Il y faudrait donc un double changement de culture, entre les "adjoints" et le directeur, entre le directeur et l'inspecteur, sans oublier "qu'il entre dans les gestes professionnels des directeurs de répercuter auprès de
leurs collègues les demandes politiques avec le devoir de loyauté qui lie tout fonctionnaire à son institution" (et qu'il est donc là pour assurer la mise en place des réformes, malgré les réticences d'une partie de l'équipe pédagogique, ndlr).
Il y faudrait aussi des moyens : "La mission pointe l’impérieuse nécessité d’apporter aux directeurs une aide qualifiée qui leur fournirait un soutien logistique dans le travail administratif incompressible et les seconderait dans des tâches de secrétariat (...). Un grand nombre de directeurs exercent des missions qui excèdent leur temps de décharge et il convient de souligner que le fonctionnement actuel des écoles de France doit beaucoup à leur investissement souvent remarquable (...) Des cas d’épuisement (professionnel) parmi les directeurs d’école ont été mentionnés à la mission et la persistance de déclarations ou de constats concernant la fatigue des directeurs doit interroger."
La mission souligne des faiblesses, elle constate par exemple que "seuls 3 % des conseils de maîtres de cycle 3 observés accueillent un enseignant de collège". Elle s'interroge sur les leviers "qui peuvent permettre aux conseils de maîtres et de maîtres de cycle d’évoluer de manière plus prégnante vers des espaces de décisions collectives et efficaces" et elle en distingue deux, les évaluations et les formations.
Si la pertinence des évaluations nationales standardisées "tend à faire consensus, les difficultés rencontrées par les équipes pour en interpréter les résultats et tracer des pistes de remédiation sont, en revanche, réelles (...). La mission a observé à plusieurs reprises une approche des résultats désordonnée et incomplète." Quant aux évaluations des écoles, elles ont "pu renforcer la cohésion d’équipe".
En ce qui concerne la formation continue des directeurs, elle est "trop brève et insuffisante", mais "la mission a pris connaissance de la constitution fréquente, dans les départements, notamment les plus importants en taille, d’un groupe départemental de directeurs d’école (GDDE) (...).

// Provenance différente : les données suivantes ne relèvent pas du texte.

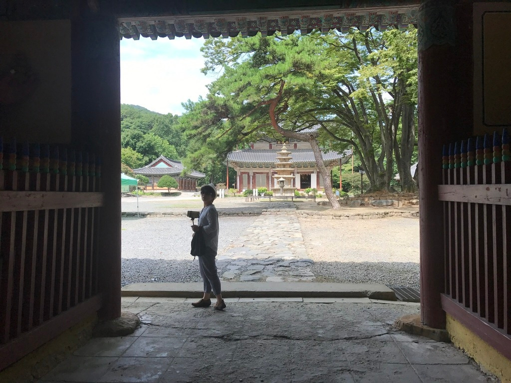 일주문에서 본당까지는 천천히 걸어도 채 10분도 걸리지 않는 거리다. 급하지 않는 경사를 이룬 길을 따라 올라간다. 시멘트 블록으로 길을 포장해 놓아서 옛 정취를 느낄 수 없다는 것이 아쉽다. 천왕문에 서서 보는 풍경이 특이하다. 천왕문이 마치 사진기의 프레임처럼 절 안의 모습이 그 속으로 들어 온다. 오른쪽에 선 노송의 푸른 솔잎이 땅에 닿을 듯이 내려와 있고, 그 아래로 조그마한 석등과 그보다 크고 높은 오층석탑이 보이는데 그 뒤로 이 절의 본당인 극락전이다. 오층석탑이 극락전의 중심을 가리고 있는 모양새다. 가까이 가서 보니 오층석탑은 정림사지 오층석탑과 모양새가 아주 닮았다. 석탑 앞에 있는 설명 자료에도 그렇게 쓰여 있다.
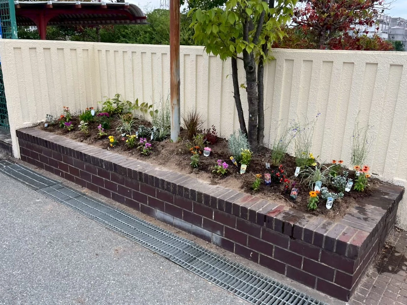 今年度最初の話し合いでは、児童からは、「学校をたくさんの花であふれさせ、学校を明るくしたい」「開花の季節になった花や明るい色の花を植えたい」などの声が上がり、それらの意見をもとに植栽計画を立てました。10月には児童らの意見を反映させた草花で正門前の花壇を彩りました。その後も児童らは水やりや除草作業などを継続して行いました。
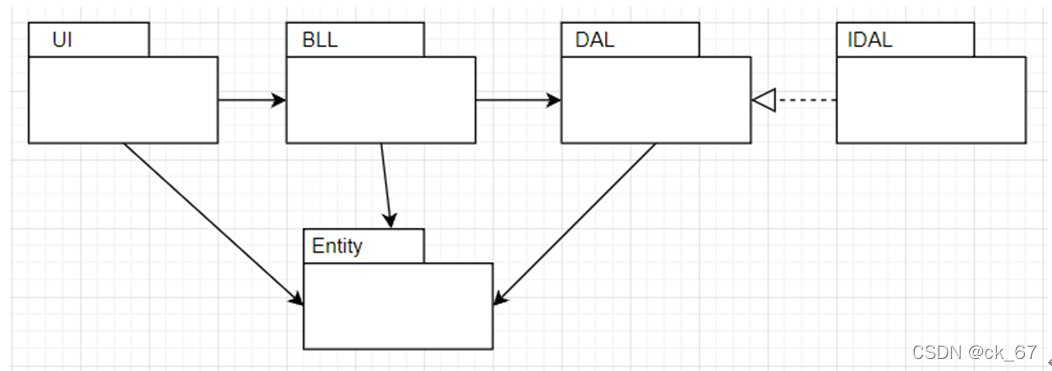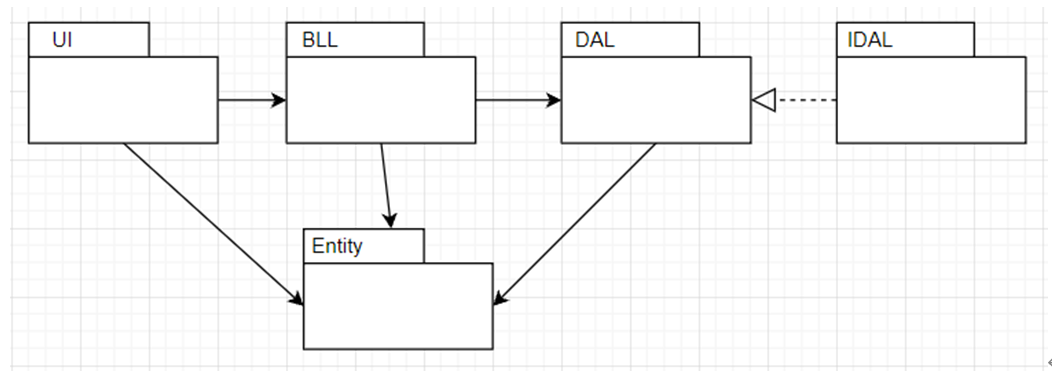 包图说明:本系统基于五层架构,分为界面层(UI)、逻辑层(BLL)、数据处理层(DAL)、接口层(IDAL)、实体层(Entity)。前面三层都需要引用实体类,因为需要通过实体层来传递参数,数据处理层需要引用一个SQLHelper的助手类。
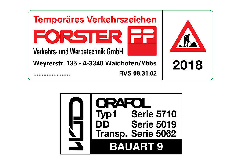 Zudem gilt seit 1. November auch eine Kennzeichnungspflicht. TVZ (Temporäre Verkehrszeichen) sind auf der Rückseite mit TVZ-Hersteller-Aufklebern sowie Bauartenaufklebern zu versehen. Durch die einheitliche Kennzeichnung aller Baustellenverkehrszeichen, kann in Zukunft leichter festgestellt werden ob das Verkehrszeichen den Prüfkriterien entspricht.
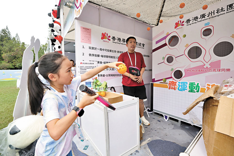 (香港文匯報 記者 蔡學怡、王俊傑)今年的家鄉市集嘉年華除了有各地特色的美食及文化產品展銷外,還多了一樣特殊的安排,就是運動競技項目。因應粵港澳三地共同承辦的第十五屆全運會將於今年11月舉行,主辦方特意在維園草地區設立了以「動感全運 樂聚維園」為主題的互動體驗區。區域內設有35個運動體驗攤位及5個互動區,更有來自新疆的滑雪運動員在場示範及教授滑雪技巧,令人們在品嘗家鄉美食之餘,還能參與運動互動遊戲,可謂是今年活動中吸睛的一大亮點。有參與多個競技項目的市民說,體驗攤位內容十分有趣,且獎品類別多元,令他們盡興而歸。而滑雪教練亦指出,連日來都有不少市民與他交流或請教滑雪技巧,他認為很多香港市民對於滑雪也很感興趣。
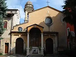 A church at the site affiliated with the Benedictine order was established in the 11th century, and was adjacent to a cemetery. It was titled then Santo Sepolcro. In 1178 it was linked to the Knights Hospitaller. In 1342, they acquired the relics of Santa Toscana which were placed in an ark atop the main altar. The church was expanded, rebuilt and reconsecrated by 1489.[1] The church suffered bombardment during World War II.

Une culture de coopération entre pairs essaime en France depuis la mise en œuvre des formations en constellations dans le cadre des Plans mathématiques et français", mais "l’institution ne saurait se satisfaire de la construction d’une professionnalité qui s’appuierait sur les temps et démarches informelles entre professionnels".
Au total, "si la mission a pu parfois observer des tâtonnements, des maladresses ou des difficultés de pilotage et a pleinement conscience que devenir pilote pédagogique de l’école pour un directeur est un apprentissage qui va se faire avec le temps, des formations ciblées et un accompagnement de proximité, elle tient à souligner l’engagement et l’énergie remarquables des directeurs rencontrés."